=== PROBLEM TO SOLVE ===
Repeat the span of the entries below that starts at the line with "Y aquí no acaba" and ends at the line with "EUR/USD в понедельник", nothing more. Skip the pictures.

=== Excerpts from a dataset ===
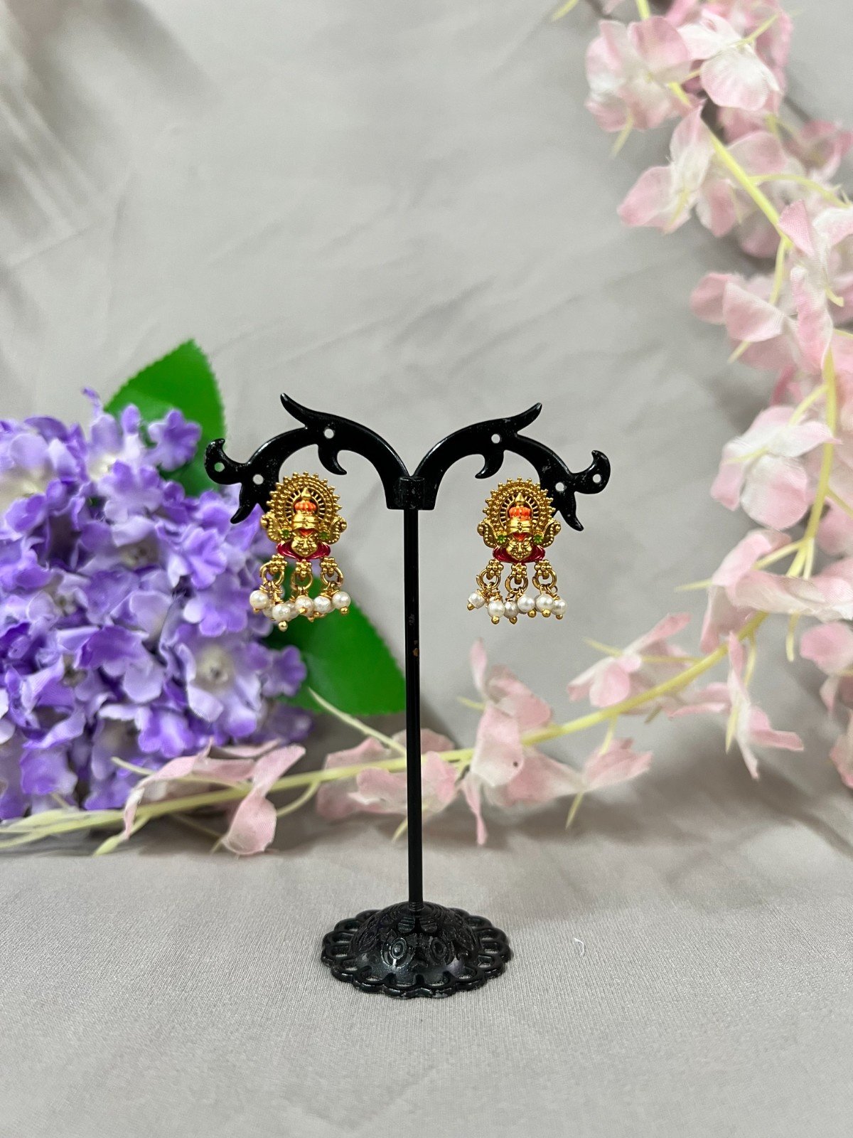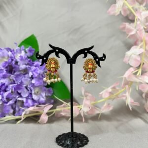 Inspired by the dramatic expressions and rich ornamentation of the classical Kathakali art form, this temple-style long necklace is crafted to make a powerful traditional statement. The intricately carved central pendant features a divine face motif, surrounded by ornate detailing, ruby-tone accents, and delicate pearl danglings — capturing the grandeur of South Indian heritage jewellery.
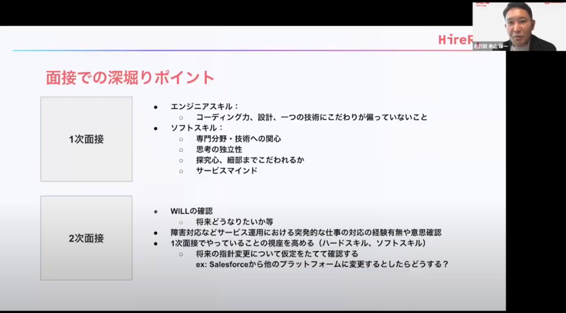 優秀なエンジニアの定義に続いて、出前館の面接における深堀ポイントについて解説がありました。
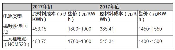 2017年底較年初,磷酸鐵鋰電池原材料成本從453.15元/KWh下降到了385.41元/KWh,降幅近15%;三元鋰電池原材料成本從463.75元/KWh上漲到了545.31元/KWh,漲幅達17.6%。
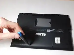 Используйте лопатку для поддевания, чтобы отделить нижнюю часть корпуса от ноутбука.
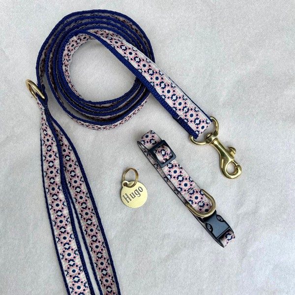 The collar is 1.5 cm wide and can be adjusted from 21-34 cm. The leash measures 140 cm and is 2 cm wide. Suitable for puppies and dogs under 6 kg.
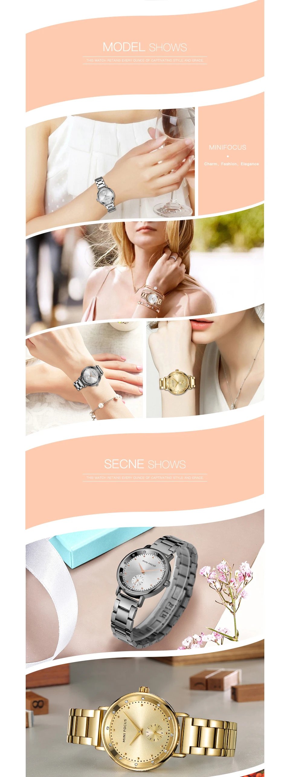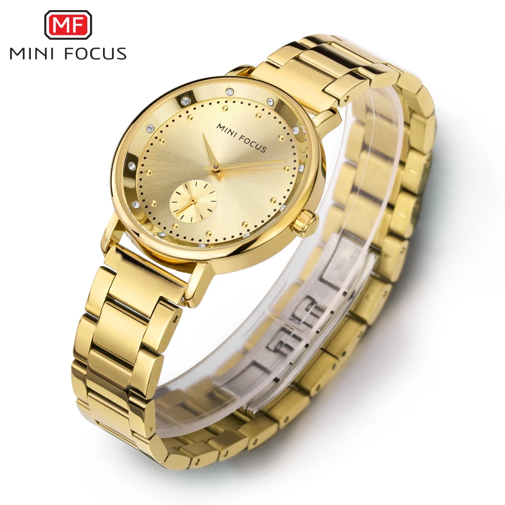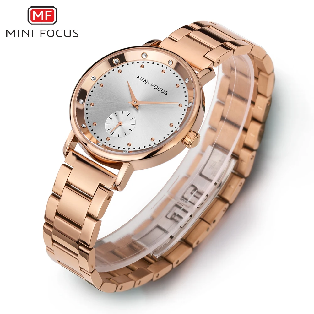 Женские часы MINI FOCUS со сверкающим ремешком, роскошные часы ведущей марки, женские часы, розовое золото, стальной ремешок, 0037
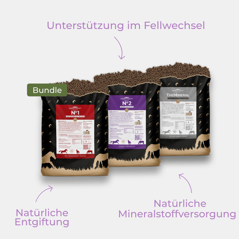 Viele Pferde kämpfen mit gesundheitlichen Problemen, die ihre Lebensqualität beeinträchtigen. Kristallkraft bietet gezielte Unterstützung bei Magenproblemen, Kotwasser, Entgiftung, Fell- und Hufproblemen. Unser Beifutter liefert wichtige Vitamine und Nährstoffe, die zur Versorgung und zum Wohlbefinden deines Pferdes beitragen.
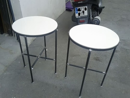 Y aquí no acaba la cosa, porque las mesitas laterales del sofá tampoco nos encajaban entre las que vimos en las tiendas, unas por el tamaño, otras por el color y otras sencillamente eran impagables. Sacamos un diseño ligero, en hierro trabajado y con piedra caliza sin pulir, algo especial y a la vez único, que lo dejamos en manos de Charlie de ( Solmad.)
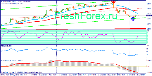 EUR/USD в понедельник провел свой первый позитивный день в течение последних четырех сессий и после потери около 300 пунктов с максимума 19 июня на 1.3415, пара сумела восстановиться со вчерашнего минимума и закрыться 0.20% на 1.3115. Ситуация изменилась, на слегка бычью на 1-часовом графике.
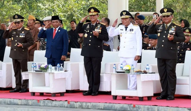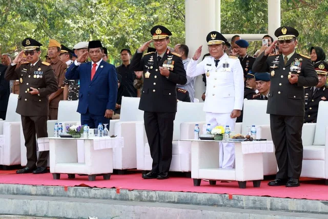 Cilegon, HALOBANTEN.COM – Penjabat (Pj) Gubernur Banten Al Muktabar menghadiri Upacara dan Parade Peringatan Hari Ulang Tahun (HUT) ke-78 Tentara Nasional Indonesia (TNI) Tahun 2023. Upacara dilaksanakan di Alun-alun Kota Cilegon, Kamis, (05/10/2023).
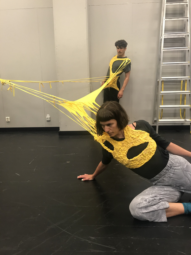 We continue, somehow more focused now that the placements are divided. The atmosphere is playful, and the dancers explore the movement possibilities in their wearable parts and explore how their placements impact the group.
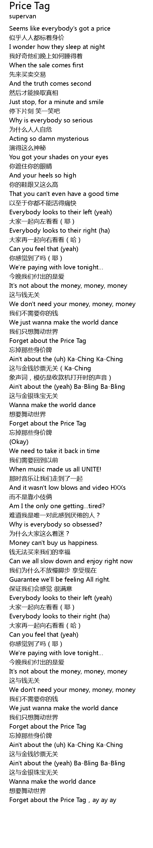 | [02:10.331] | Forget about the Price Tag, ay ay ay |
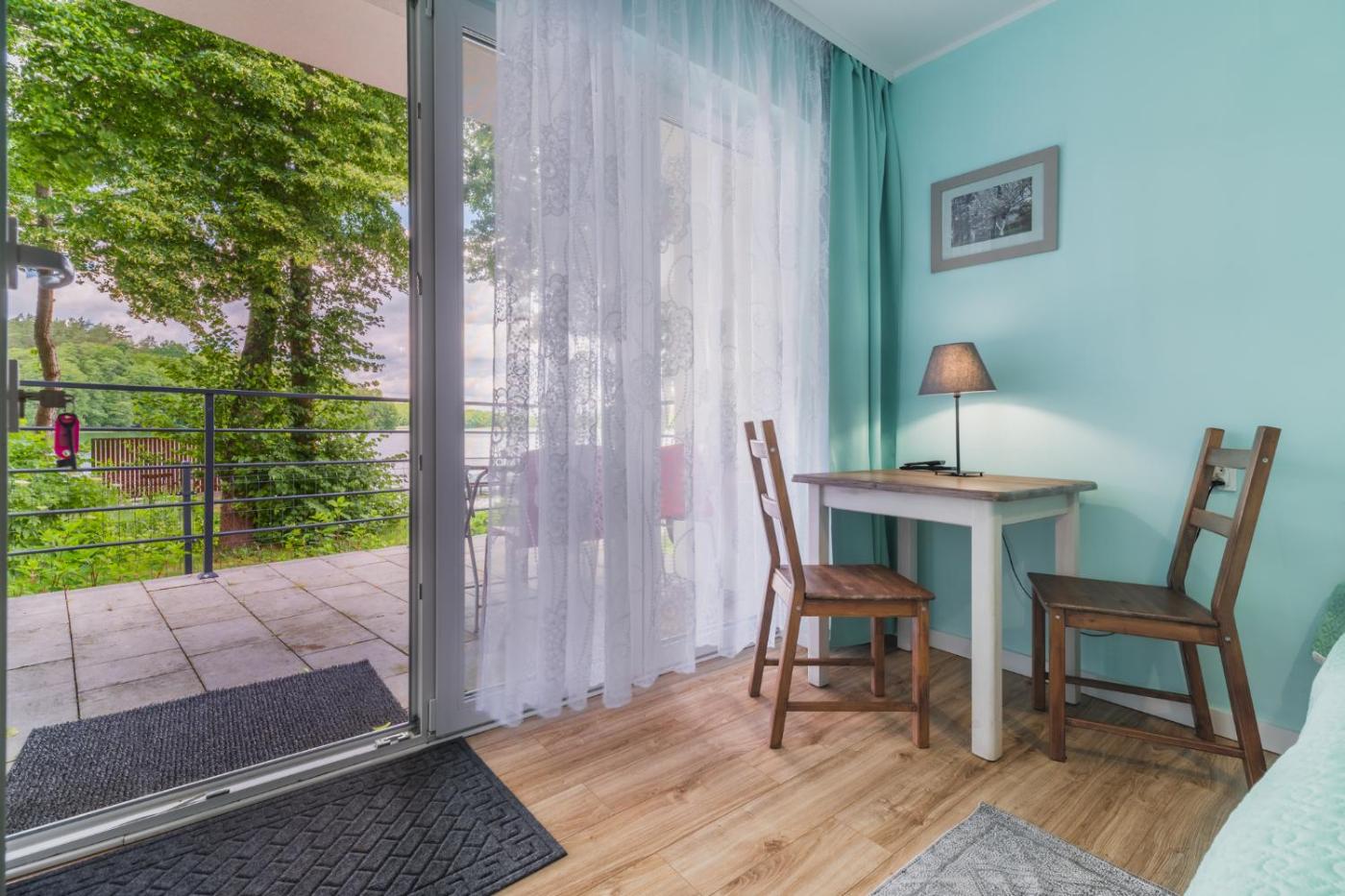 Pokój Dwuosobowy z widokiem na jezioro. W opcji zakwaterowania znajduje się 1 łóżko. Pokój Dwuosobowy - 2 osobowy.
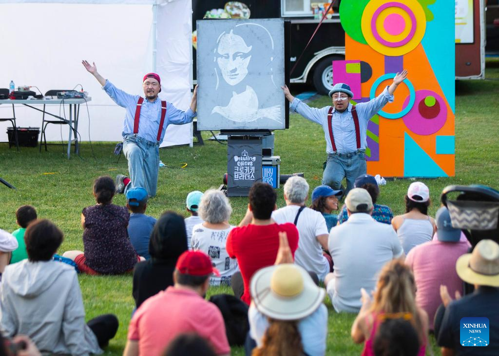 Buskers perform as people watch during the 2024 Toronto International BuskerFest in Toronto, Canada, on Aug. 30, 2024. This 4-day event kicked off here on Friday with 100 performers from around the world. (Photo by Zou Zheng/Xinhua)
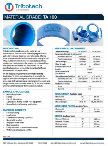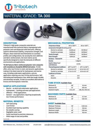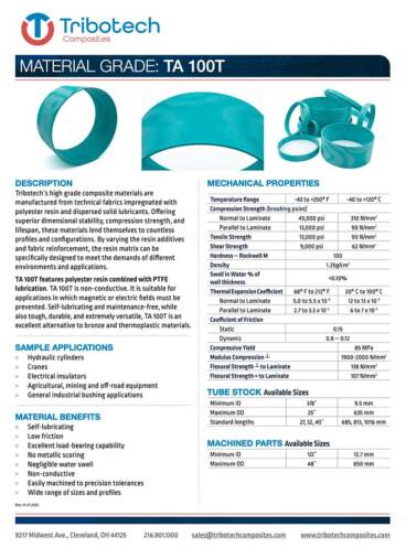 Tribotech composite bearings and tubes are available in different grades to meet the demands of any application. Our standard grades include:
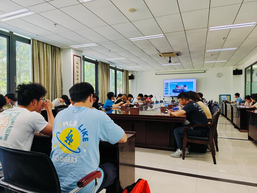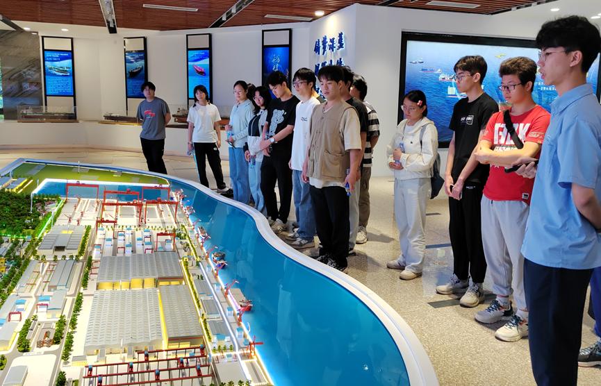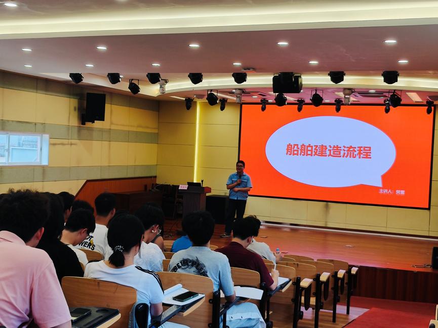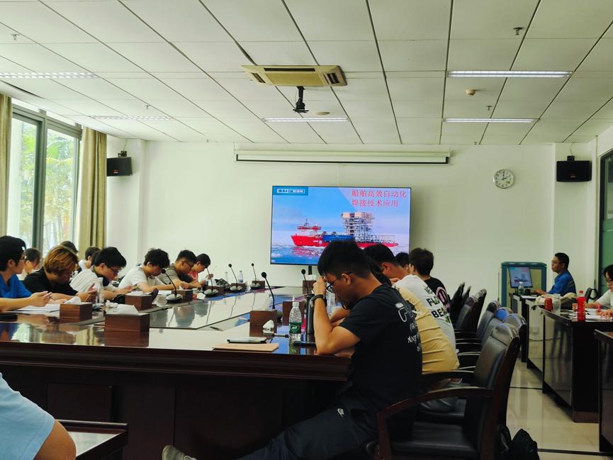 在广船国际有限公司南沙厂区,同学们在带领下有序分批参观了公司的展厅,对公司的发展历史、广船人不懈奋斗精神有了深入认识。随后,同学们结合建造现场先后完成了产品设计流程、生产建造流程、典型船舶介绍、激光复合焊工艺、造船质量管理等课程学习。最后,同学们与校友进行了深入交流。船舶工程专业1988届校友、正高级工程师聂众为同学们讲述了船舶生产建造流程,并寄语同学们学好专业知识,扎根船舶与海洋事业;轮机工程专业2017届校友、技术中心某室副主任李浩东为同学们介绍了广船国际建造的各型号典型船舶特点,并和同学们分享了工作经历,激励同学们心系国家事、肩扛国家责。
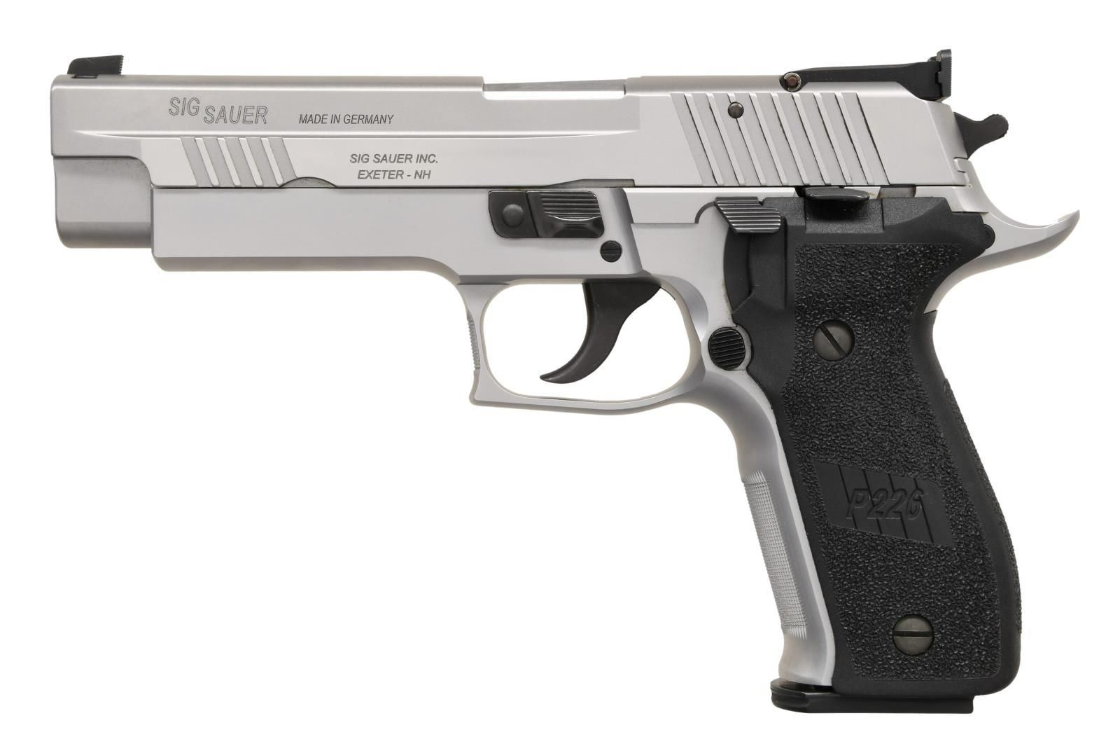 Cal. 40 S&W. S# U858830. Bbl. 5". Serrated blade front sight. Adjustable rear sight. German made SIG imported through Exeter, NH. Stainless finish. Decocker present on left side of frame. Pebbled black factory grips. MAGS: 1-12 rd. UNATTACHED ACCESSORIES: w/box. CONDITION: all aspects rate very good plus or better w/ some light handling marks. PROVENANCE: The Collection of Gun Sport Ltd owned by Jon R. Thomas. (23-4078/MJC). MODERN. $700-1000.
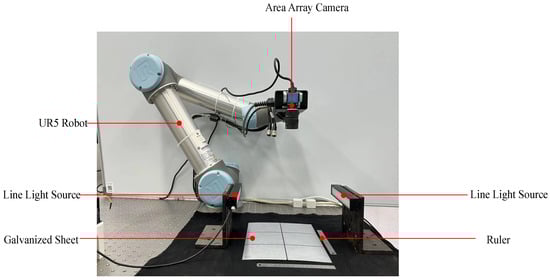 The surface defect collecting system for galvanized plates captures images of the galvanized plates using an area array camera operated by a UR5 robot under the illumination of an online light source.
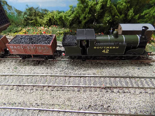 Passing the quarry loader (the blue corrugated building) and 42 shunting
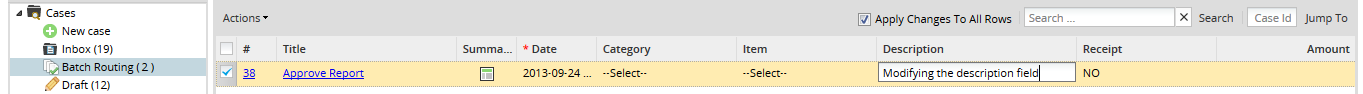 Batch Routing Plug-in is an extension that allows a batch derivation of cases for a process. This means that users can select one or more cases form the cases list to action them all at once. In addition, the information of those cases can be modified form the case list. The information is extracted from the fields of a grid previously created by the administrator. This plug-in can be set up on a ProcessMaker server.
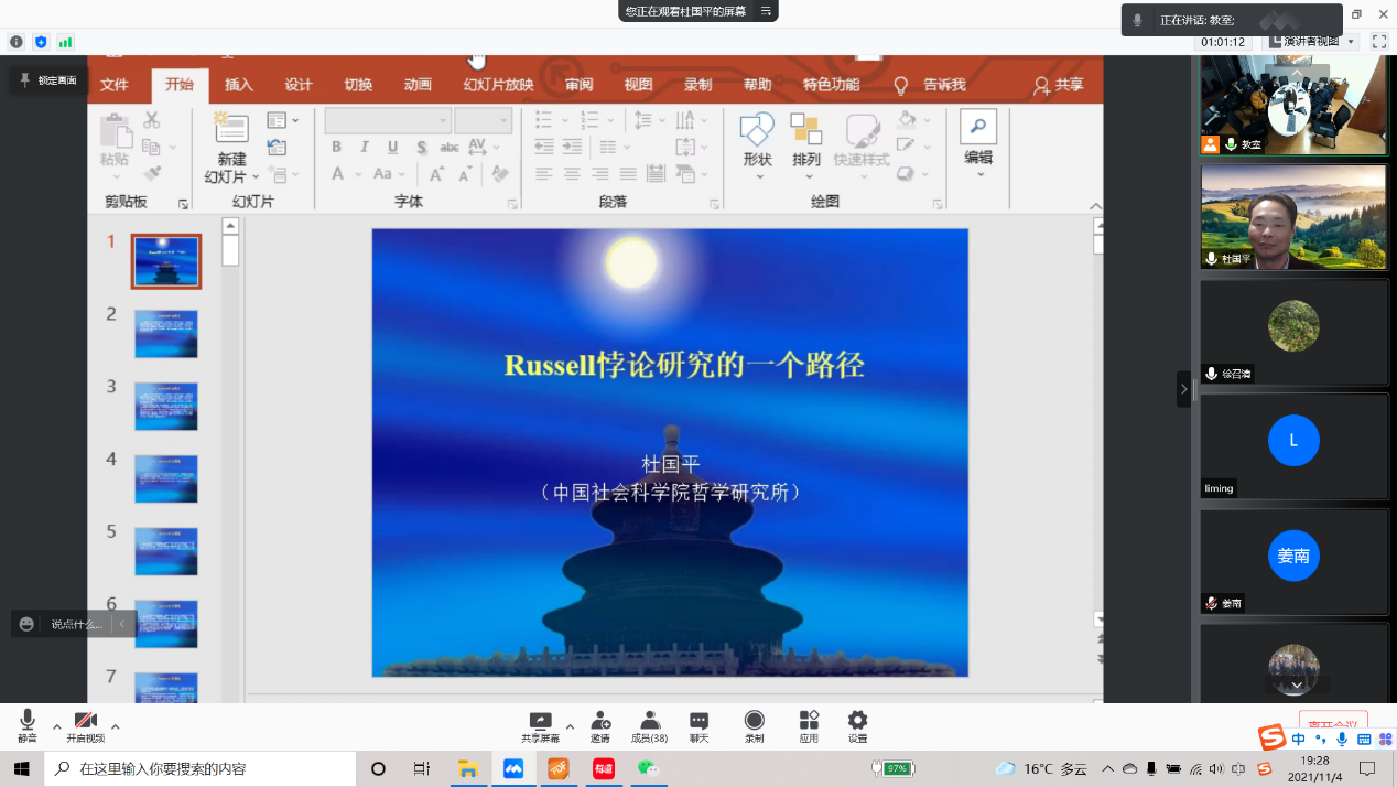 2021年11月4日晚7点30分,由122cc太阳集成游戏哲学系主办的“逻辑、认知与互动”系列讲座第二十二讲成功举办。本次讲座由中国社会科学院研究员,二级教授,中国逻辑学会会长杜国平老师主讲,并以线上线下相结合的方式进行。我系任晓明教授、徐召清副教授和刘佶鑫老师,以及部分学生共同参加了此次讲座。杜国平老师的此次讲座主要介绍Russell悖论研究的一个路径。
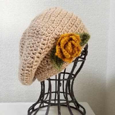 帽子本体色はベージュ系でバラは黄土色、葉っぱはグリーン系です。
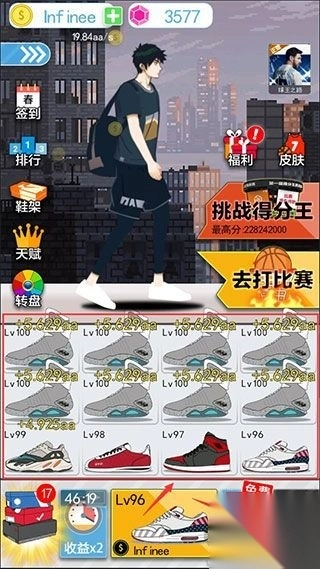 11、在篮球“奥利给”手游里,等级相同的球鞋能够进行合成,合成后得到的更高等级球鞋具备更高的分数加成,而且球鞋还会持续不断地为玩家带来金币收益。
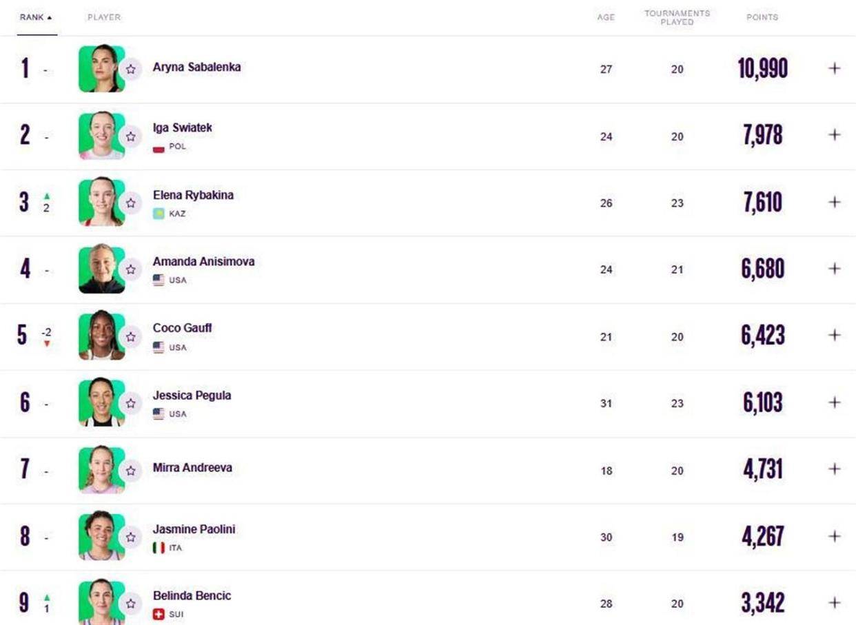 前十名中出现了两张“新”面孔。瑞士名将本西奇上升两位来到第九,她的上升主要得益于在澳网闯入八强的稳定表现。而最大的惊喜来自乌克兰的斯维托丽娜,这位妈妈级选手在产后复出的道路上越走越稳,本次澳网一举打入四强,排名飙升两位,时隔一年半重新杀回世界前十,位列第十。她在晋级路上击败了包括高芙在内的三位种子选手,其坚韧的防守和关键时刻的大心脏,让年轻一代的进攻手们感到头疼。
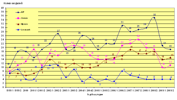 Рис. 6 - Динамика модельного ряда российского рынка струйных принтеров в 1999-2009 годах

=== PROBLEM SOLUTION ===
 Y aquí no acaba la cosa, porque las mesitas laterales del sofá tampoco nos encajaban entre las que vimos en las tiendas, unas por el tamaño, otras por el color y otras sencillamente eran impagables. Sacamos un diseño ligero, en hierro trabajado y con piedra caliza sin pulir, algo especial y a la vez único, que lo dejamos en manos de Charlie de ( Solmad.)
 EUR/USD в понедельник провел свой первый позитивный день в течение последних четырех сессий и после потери около 300 пунктов с максимума 19 июня на 1.3415, пара сумела восстановиться со вчерашнего минимума и закрыться 0.20% на 1.3115. Ситуация изменилась, на слегка бычью на 1-часовом графике.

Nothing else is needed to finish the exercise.